Originating in Brooklyn, AUNTS is both a growing community of artists and a choreographic structure for organizing simultaneous performance and art activities in shared spaces. This fall, the New Museum, by invitation from the Stedelijk Museum and Trouw (a nightclub and arts space in Amsterdam), has organized a special international dance-for-camera edition of AUNTS as part of the "Trouw Invites..." exhibition series. "AUNTSforcamera" presents nine dance-for-camera works that were created simultaneously through a shared open studio process in the New Museum Theater (September 10-14, 2014). Originally presented as an immersive moving-image installation at Trouw (November 6-30, 2014), these works return to the New Museum where they will be installed in a dispersed exhibition format in various interstitial non-gallery spaces throughout the building. With multiple aspects of this project taking place in various forms at Trouw and the New Museum, "AUNTSforcamera" reveals a community representing itself differently for different kinds of spaces, while embracing how different spaces enable different kinds of community experiences to occur. "AUNTSforcamera" is organized by Travis Chamberlain, Associate Curator of Performance and Manager of Public Programs, New Museum, in collaboration with Laurie Berg and Liliana Dirks-Goodman, organizers of AUNTS. Watch a video about the project here.

"Gerard & Kelly: P.O.L.E. (People, Objects, Language, Exchange)"
Fall 2014 R&D Season Artists in Residence
February 4-15, 2015
Lobby Gallery

"P.O.L.E. (People, Objects, Language, Exchange)" culminates a six-month residency with a two-week exhibition combining sculptural objects and live performance in the New Museum Lobby Gallery.
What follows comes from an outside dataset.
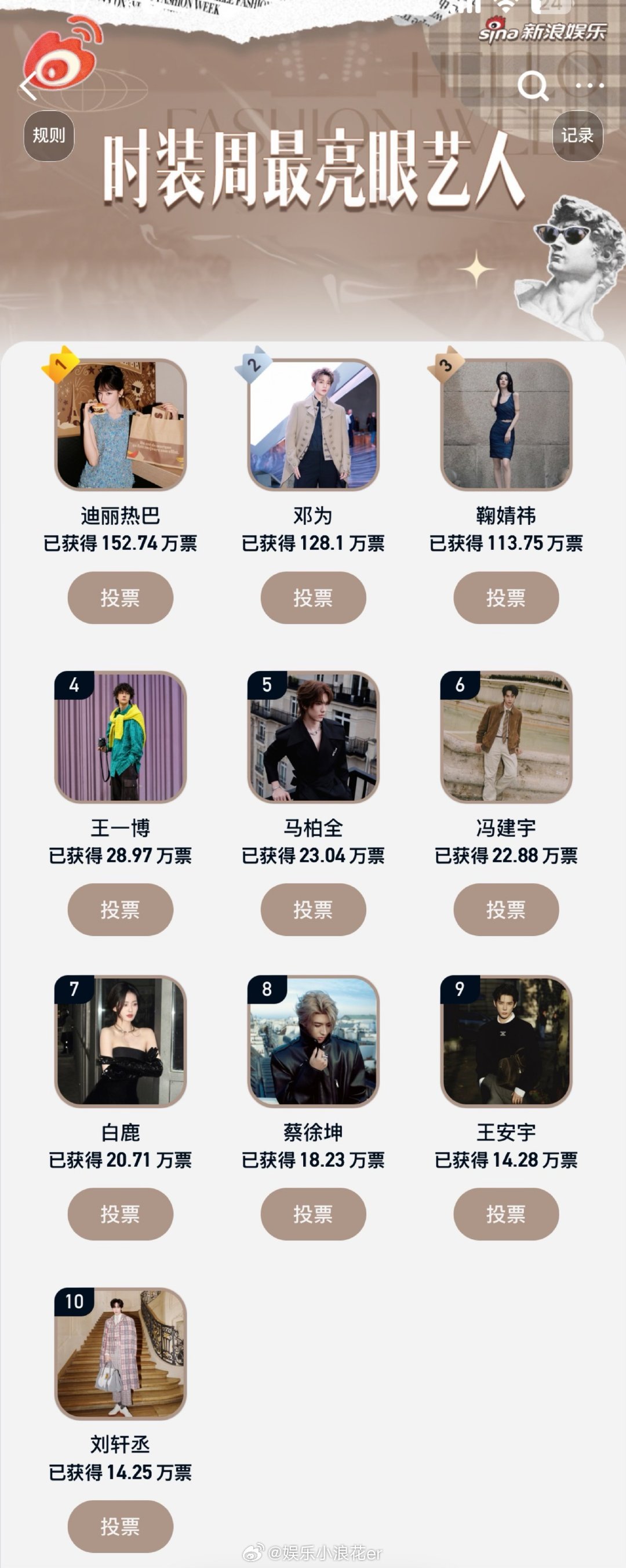 时装周最亮眼艺人TOP10冲刺阶段,火力全开!你的偶像正在候选席上,等待你最关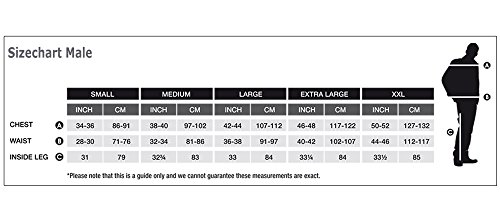 Size L: Chest: 42-44 inch, Waist: 36-38 inch, Inside Leg: 33 inch, lightweight subject matter for comfort avoids overheating

An exploration of the choreography of relationships and the movement of cultural transmission, this ten-day pop-up exhibition distills a publicly engaged research process that has taken the form of classes, workshops, talks, and live "reverberations" organized around an installation in the Museum's Fifth Floor Gallery (October 8, 2014-January 25, 2015). During the Lobby Gallery exhibition this February, multiple temporalities and states of being converge-objects and bodies, history and the disappearing present, rehearsal and performance, repetitions and the intervals between-to articulate pole dance as the ground for intimate exchange. A highly charged choreographic form, pole dancing is utilized here in an effort to reconcile forces of suspension and gravity and the assumptions of high and low cultural embodiment. "P.O.L.E. (People, Objects, Language, Exchange)" is organized by Johanna Burton.

IDEAS CITY

IDEAS CITY Festival
May 28-30, 2015
(Schedule to be announced in early 2015)

IDEAS CITY explores the future of cities around the globe with the belief that art and culture are essential to the vitality of urban centers. Founded by the New Museum in 2011, it is a major collaborative initiative between hundreds of arts, education, and community organizations. The biennial IDEAS CITY Festival takes place every other May in New York City, while IDEAS CITY Global Conferences are organized in key cities around the world. This May, the New Museum will present the third IDEAS CITY Festival in downtown New York that will include a conference, workshops, activities on the street around the Bowery, and dozens of independent projects and public events that function as forums for exchanging ideas, proposing solutions, and accelerating creativity. The theme for the next IDEAS CITY: NY is The Invisible City, and the full program will be announced in early 2015. Visit ideas-city.org.

The full exhibition schedule will be announced in early 2015.